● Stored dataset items
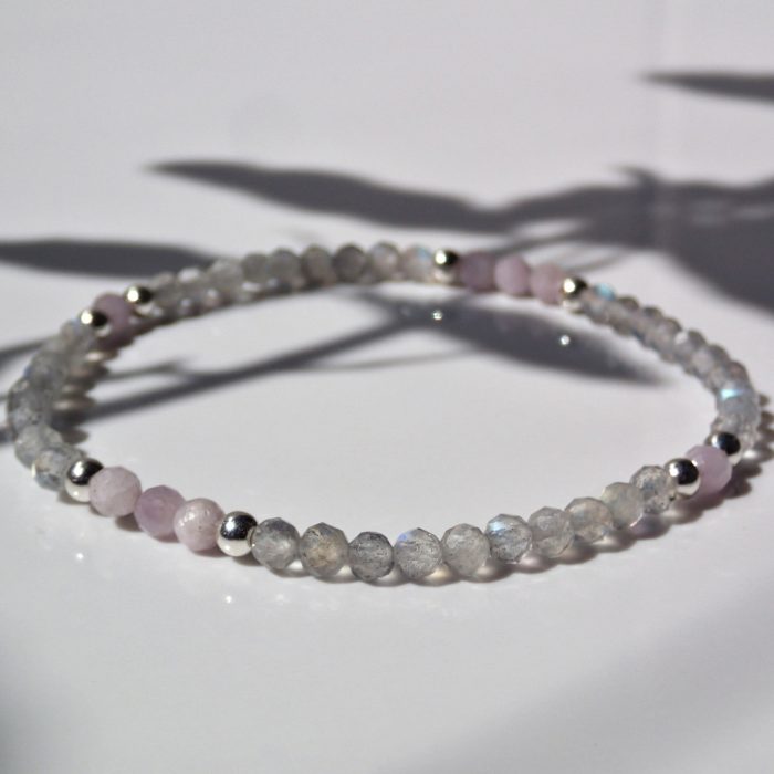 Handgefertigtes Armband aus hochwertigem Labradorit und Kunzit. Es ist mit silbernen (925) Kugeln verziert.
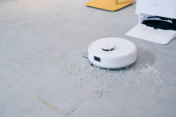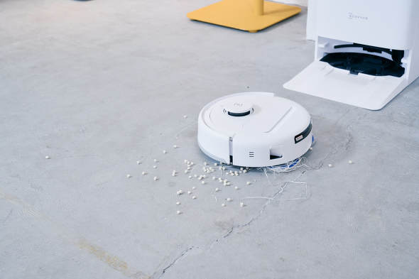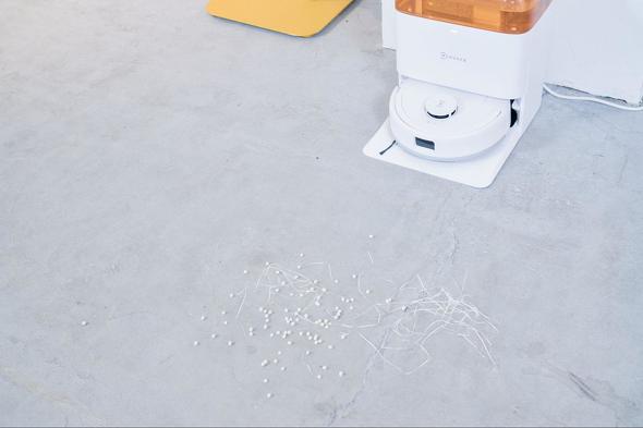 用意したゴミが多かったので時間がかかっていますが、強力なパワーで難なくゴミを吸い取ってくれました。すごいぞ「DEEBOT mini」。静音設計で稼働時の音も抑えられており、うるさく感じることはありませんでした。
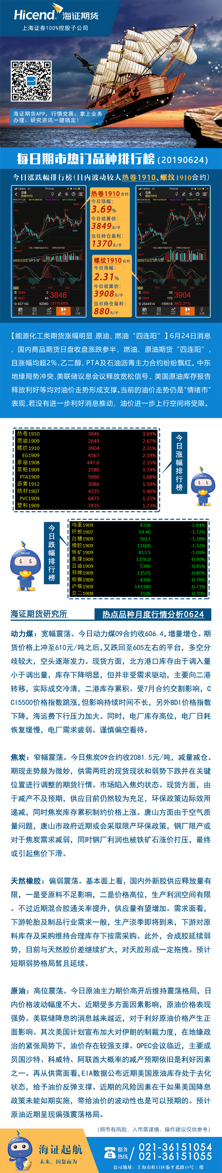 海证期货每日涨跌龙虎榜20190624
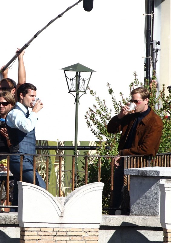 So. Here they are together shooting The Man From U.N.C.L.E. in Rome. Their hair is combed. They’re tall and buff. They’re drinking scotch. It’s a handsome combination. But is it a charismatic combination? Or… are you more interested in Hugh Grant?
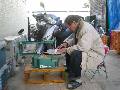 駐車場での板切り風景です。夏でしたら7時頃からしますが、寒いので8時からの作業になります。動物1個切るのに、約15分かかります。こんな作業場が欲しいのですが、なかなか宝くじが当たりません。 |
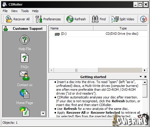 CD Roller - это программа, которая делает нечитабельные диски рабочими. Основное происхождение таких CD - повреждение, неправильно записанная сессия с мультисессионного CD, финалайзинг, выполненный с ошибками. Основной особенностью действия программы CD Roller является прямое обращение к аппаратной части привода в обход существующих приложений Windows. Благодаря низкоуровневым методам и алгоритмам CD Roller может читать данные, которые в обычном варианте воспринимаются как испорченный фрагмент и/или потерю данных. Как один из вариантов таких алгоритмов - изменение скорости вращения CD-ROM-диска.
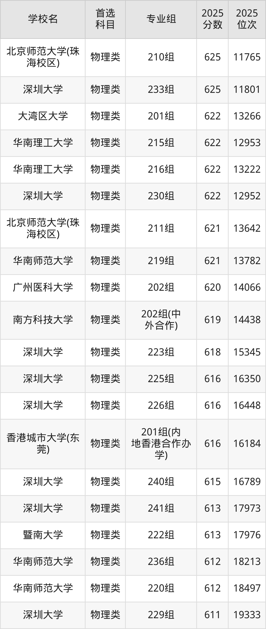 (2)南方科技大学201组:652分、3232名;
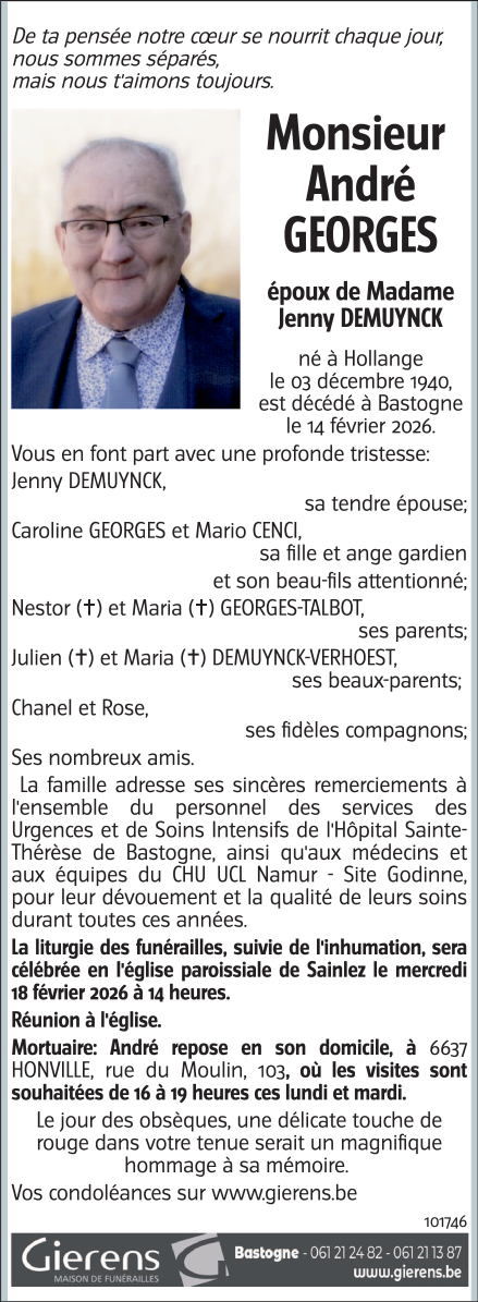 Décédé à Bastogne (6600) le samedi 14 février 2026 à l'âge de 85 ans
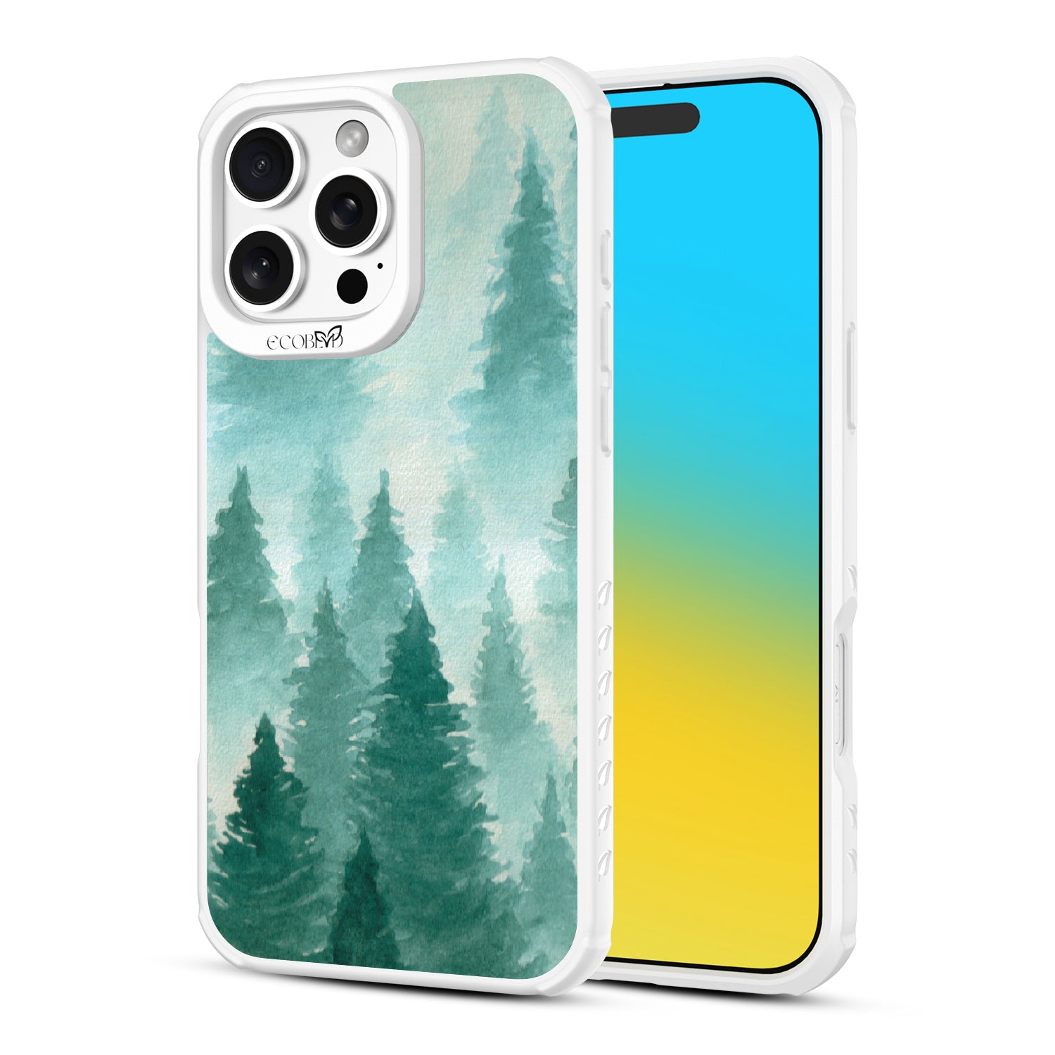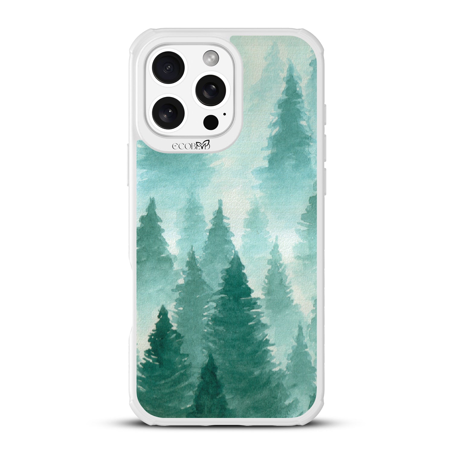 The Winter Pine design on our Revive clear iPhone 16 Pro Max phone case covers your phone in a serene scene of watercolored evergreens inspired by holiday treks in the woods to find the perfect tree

● Assignment
Each of the records above needs to be transcribed exactly, apart from its pictures.

● Exercise output
 Handgefertigtes Armband aus hochwertigem Labradorit und Kunzit. Es ist mit silbernen (925) Kugeln verziert.
 用意したゴミが多かったので時間がかかっていますが、強力なパワーで難なくゴミを吸い取ってくれました。すごいぞ「DEEBOT mini」。静音設計で稼働時の音も抑えられており、うるさく感じることはありませんでした。
 海证期货每日涨跌龙虎榜20190624
 So. Here they are together shooting The Man From U.N.C.L.E. in Rome. Their hair is combed. They’re tall and buff. They’re drinking scotch. It’s a handsome combination. But is it a charismatic combination? Or… are you more interested in Hugh Grant?
 駐車場での板切り風景です。夏でしたら7時頃からしますが、寒いので8時からの作業になります。動物1個切るのに、約15分かかります。こんな作業場が欲しいのですが、なかなか宝くじが当たりません。 |
 CD Roller - это программа, которая делает нечитабельные диски рабочими. Основное происхождение таких CD - повреждение, неправильно записанная сессия с мультисессионного CD, финалайзинг, выполненный с ошибками. Основной особенностью действия программы CD Roller является прямое обращение к аппаратной части привода в обход существующих приложений Windows. Благодаря низкоуровневым методам и алгоритмам CD Roller может читать данные, которые в обычном варианте воспринимаются как испорченный фрагмент и/или потерю данных. Как один из вариантов таких алгоритмов - изменение скорости вращения CD-ROM-диска.
 (2)南方科技大学201组:652分、3232名;
 Décédé à Bastogne (6600) le samedi 14 février 2026 à l'âge de 85 ans
 The Winter Pine design on our Revive clear iPhone 16 Pro Max phone case covers your phone in a serene scene of watercolored evergreens inspired by holiday treks in the woods to find the perfect tree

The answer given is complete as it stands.